Особенно обидно бывало во время каникул. После трудных и богатых волнениями и заботами экзаменов, все наши товарищи отдыхали и разгуливали, а для нас наступала каторга: мы должны были торчать безвыходно в лавке с пяти часов утра и до полуночи. В этих случаях нередко заступалась за нас наша добрая мать, Евгения Яковлевна. Она не раз приходила часов в одиннадцать вечера в лавку и напоминала отцу.
- Павел Егорович, отпусти Сашу и Антошу спать. Все равно ведь уже торговли нет...
Отец отпускал нас и мы уходили с глубокою благодарностью матери и с ненавистью к лавке. Отец же, ничего не подозревая, простодушно и искренно говорил матери:
- Вот, Евочка, слава Богу, уже и дети мне в торговле помогают...
- Конечно, слава Богу, - соглашалась мать. - Жаль только, что у них, у бедных, каникулы пропадают.
- Ничего. Пусть к делу приучаются. Потом, когда вырастут, нагуляются...
Судьба однако же сжалилась над нами и одни каникулы у нас не пропали даром. Нас отпустили из душного города в деревню, к дедушке и к бабушке в гости. Это, не важное само по себе событие осталось у нас в памяти надолго.
Дедушку Егора Михайловича и бабушку Ефросинью Емельяновну мы знали очень мало, или даже почти вовсе не знали. Но рассказов и притом рассказов самых завлекательных мы слышали о них очень много. Отец нередко, придя в благодушное состояние, говаривал сам про себя.
- Эх, теперь бы в Крепкую съездить к папеньке и к маменьке! Теперь там хорошо!..
Если это восклицание вырывалось у нашего отца при нас, при детях, то мы настораживались, а он обыкновенно начинал с любовью рассказывать о своих родителях, то есть, о наших дедушке и бабушке, и в его рассказах слобода Крепкая выходила таким раем земным, а старые дедушка и бабушка такими прекрасными людьми, что нас так и тянуло к ним.
- Вот бы поехать в Крепкую! - вздыхая, говаривал Антоша после таких разговоров.
- Да, не дурно бы, - вздыхал в свою очередь и я. - Но ведь нас одних не пустят. К тому же и лавка...

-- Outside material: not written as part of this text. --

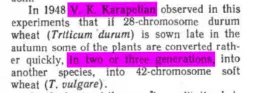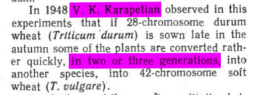 <in 1948 V. I. Karapetian observed in his experiments that if 28-chromosome durum wheat (Triticum durum) is sown late in the autumn some of the plants are converted rather quickly, in two or three generations, into another species, into 42-chromosome soft wheat (T. vulgare). https://www.marxists.org/reference/archive/lysenko/works/1950s/new.htm

Дедушка наш, Егор Михайлович, много-много лет служил управляющим у богатого помещика, графа Платова, и жил безвыездно в слободе Крепкой, лежащей верстах в семидесяти от Таганрога. В те времена на юге России железных дорог не было и семьдесят верст были таким огромным расстоянием, что наш отец и дедушка, живя так недалеко друг от друга, не виделись целыми десятками лет. Отец наш, если и вздыхал по временам по Крепкой, то скорее по воспоминаниям и, если бы и попал в эту слободу как-нибудь вдруг, каким-нибудь волшебством, то наверное не узнал бы её, а, пожалуй, и заблудился бы в ней. Тем не менее, она казалась ему прекрасной, и рассказы о ней приводили нас в восхищение. Мы с детства были знакомы со степями, окружавшими Таганрог, но по рассказам отца, степи в Крепкой были куда роскошнее и просторнее наших, а степная речка Крепкая являлась чуть ли не царицей всех степных рек России. Отец невольно и, сам того не подозревая, поэтизировал места и людей, которые окружали его молодость, но мы, дети, принимали все это за чистую монету и страстно мечтали о том, чтобы хоть когда-нибудь побывать в этих благодатных местах.
- Когда я вырасту большой и у меня будут свои деньги, то я непременно съезжу к дедушке и бабушке, - мечтал Антоша.
Я, хотя и был почти на три года старше брата Антона, но на этот счет думал так же, как и он, и мечтал буквально так же. Я уже побывал в соседних городах: Ростове-на-Дону и Новочеркасске и видел воочию реку Дон; но все-таки мне казалось, что степная слобода Крепкая, с её речонкой, гораздо больше, красивее и даже величественнее этих городов - и меня тянуло туда.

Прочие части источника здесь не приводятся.